We loved this visit. It’s great to see other styles of viticulture, and I wish we didn’t have a bird problem in New Zealand. It was so amusing also to learn that the French government dictates the start date for picking grapes, and before that date no one must begin picking! I can’t imagine New Zealand growers taking any notice of that, but that’s the condition of having appellations in France.

And for dinner that night? We began with baked goats cheese en croute with red onion jam, wrapped in jambon, followed by fillet of beef with glazed shallots and spicey couscous. The cheeses were:

St Maure de Touraine, a soft, nutty and slightly salty goats’ cheese from the Loire, rolled in black wood ash, with a straw in the centre which if cut brings bad luck.

Morbier, from the Franche-Conte, a mild and buttery cows’ milk cheese with a pungent, yeasty aroma, containing a thin layer of ash in the middle separating the morning milking from the evening milking.

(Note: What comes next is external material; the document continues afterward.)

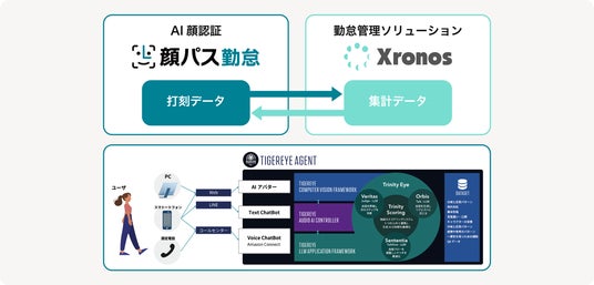 こうした背景のもと、クロノスはTIGEREYEが提供する顔認証打刻サービス「顔パス勤怠&顔パスストレスチェッカー」との連携に向けた準備を進めております。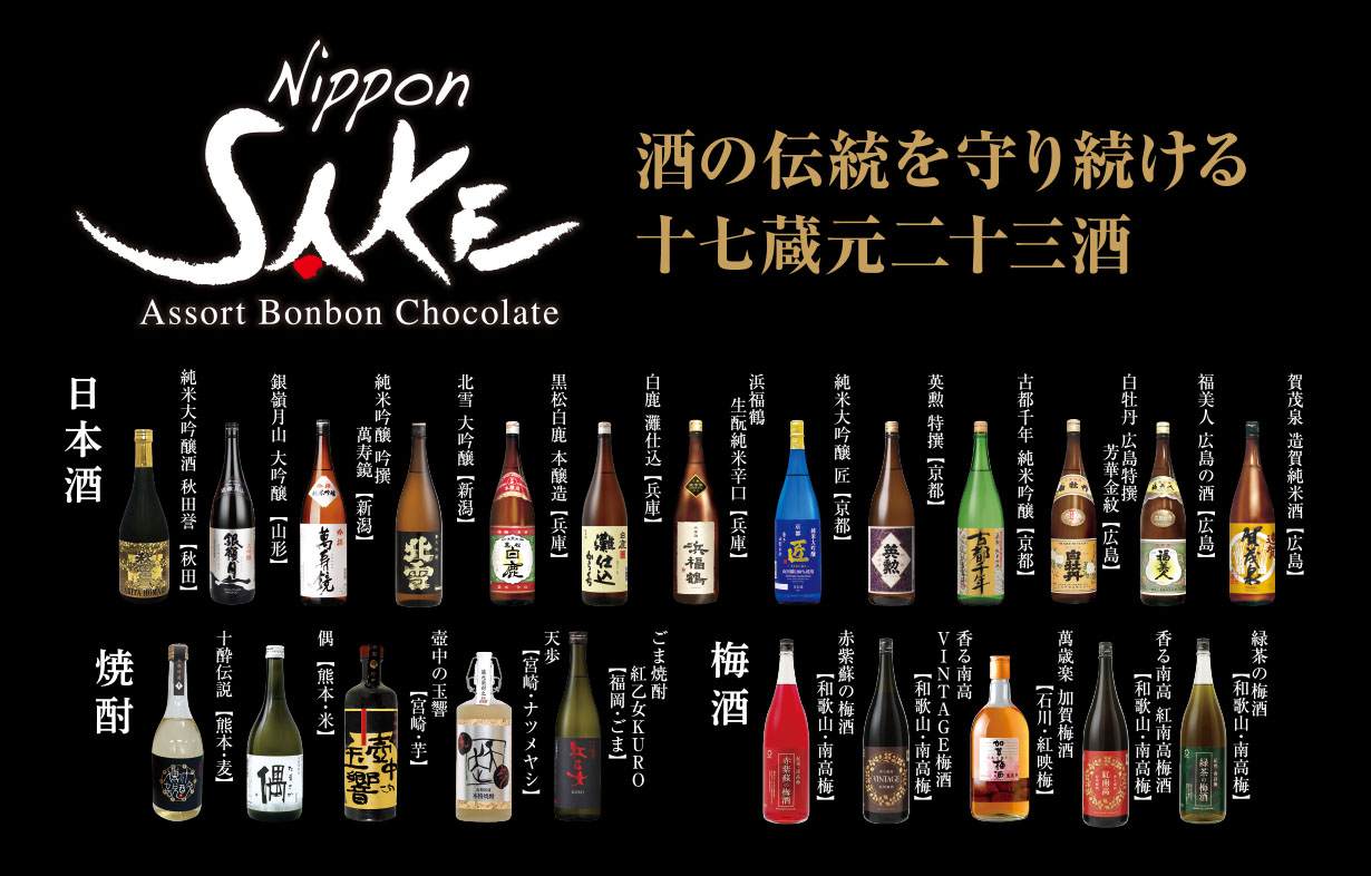 日本の酒文化と匠の技を継承する全国の蔵元より、日本酒、梅酒、焼酎を集めて、ボンボンチョコに仕上げました。酒チョコに使用しているお酒の銘柄や蔵元のこだわりをご紹介いたします。

Reblochon, known as the tax evasion cheese as it is made using the second milking which used to take place after the tax inspector had measured the milk quota for the day, a soft cheese from the Savoie with a mild fruity taste.

And then, of course, in the French way, the desert, which was lemon and blueberry tart.

The wines were Chablis 1er Cru ‘Les Beauroys’, from the 1er Cru vineyard of Les Beauroys, where the grapes are harvested first so that the wine doesn’t get too heavy, it’s naturally the least acidic of the 1er crus. And Crozes Hermitage, a large appellation which covers almost 2500 acres, across 11 villages. It has a smoky flavour and is predominately made using the Syrah grape, but can be blended with Grenache and Cinsault. It is a powerful, tannic red, peppery with raspberries and blackberries on the finish.

The next day, it was up on deck again, hard at work relaxing.